High-Performance Computing at the NIH
GitHub YouTube @nih_hpc RSS Feed
SoftSearch on Biowulf & Helix

SoftSearch is used for discovering structural variant breakpoints in Illumina paired-end next-generation sequencing data. SoftSearch combines multiple strategies for detecting SV including split-read, discordant read-pair, and unmated pairs. Co-localized split-reads and discordant read pairs are used to refine the breakpoints.

Reference: SoftSearch: Integration of Multiple Sequence Features to Identify Breakpoints of Structural Variations.

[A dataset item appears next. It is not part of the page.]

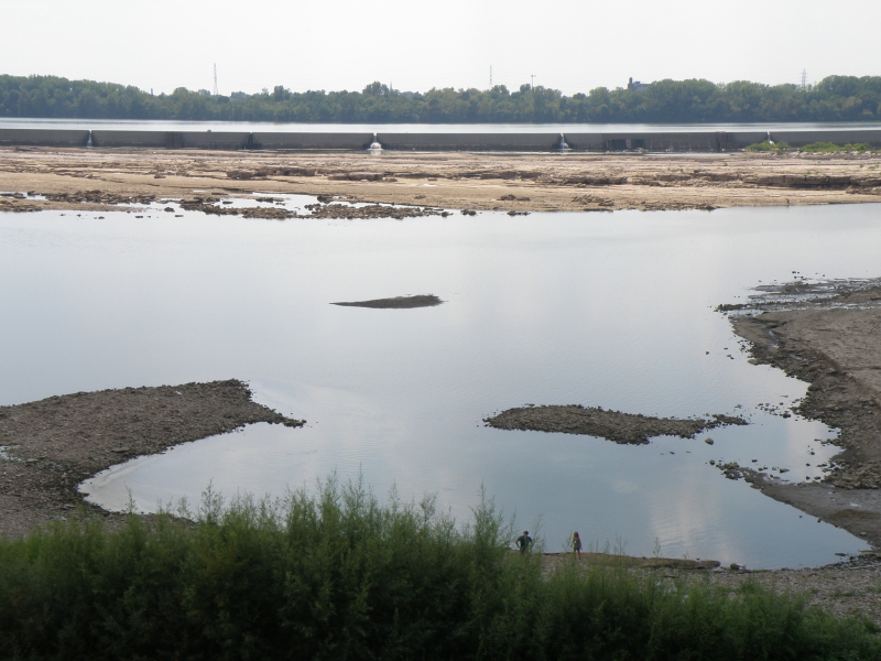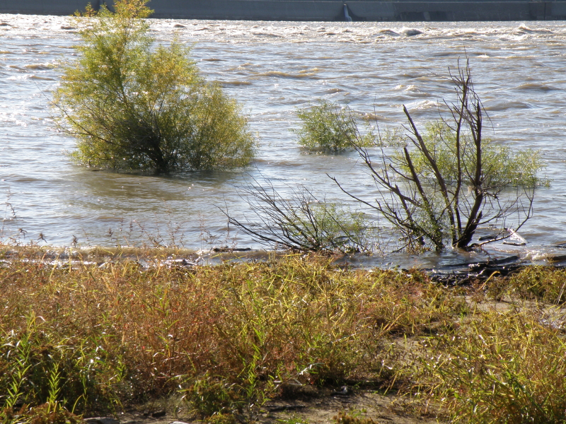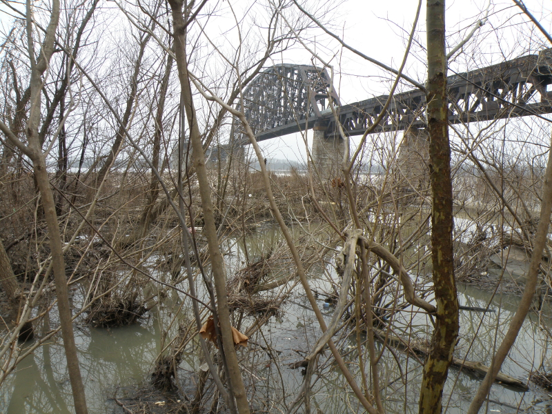 I am also on the alert for any bird movements or sounds in the area. On this expedition to the Falls of the Ohio I scored big by sighting two new bird species for my life list and getting decent pictures of both to show to any of you unbelievers out there! After walking in direct sunlight for over an hour, I decided to cool off by walking in the shade of the large cottonwood trees that grow along the edge of the river. I especially like the way this cottonwood tree fills the whole photo frame. When these trees release their fluffy, light seeds it can almost appear as though it is snowing in slow motion. The cotton fluff builds up and forms wind aided drifts on the ground.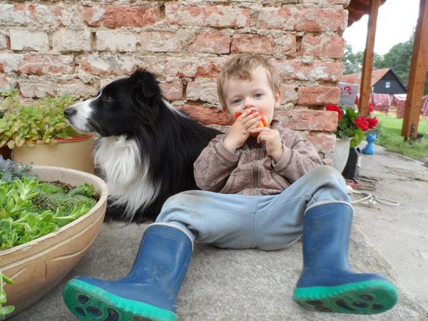 U nas je to nas pes Chuck, narodil se stejne jako dcera a spolu vyrustaji. Nejlepsi jak se pretahuji o hracku, to je pak smichu, kriku a stekotu kolem celeho baraku. Pak ma dcera rada I nase sleepicky a kaceny, ale nedavno ji jedna slepice klovla do zadku, tak Ted z nich ma respekt. Prikladam foto po narozeni obou raubiru

Steven N. Hart, Vivekananda Sarangi, Raymond Moore, Saurabh Baheti, Jaysheel D. Bhavsar, Fergus J. Couch, Jean-Pierre A. Kocher. PloS One. (2013).

There may be multiple versions of SoftSearch available. An easy way of selecting the version is to use modules. To see the modules available, type

module avail SoftSearch

To select a module use

module load SoftSearch/[version]

where [version] is the version of choice.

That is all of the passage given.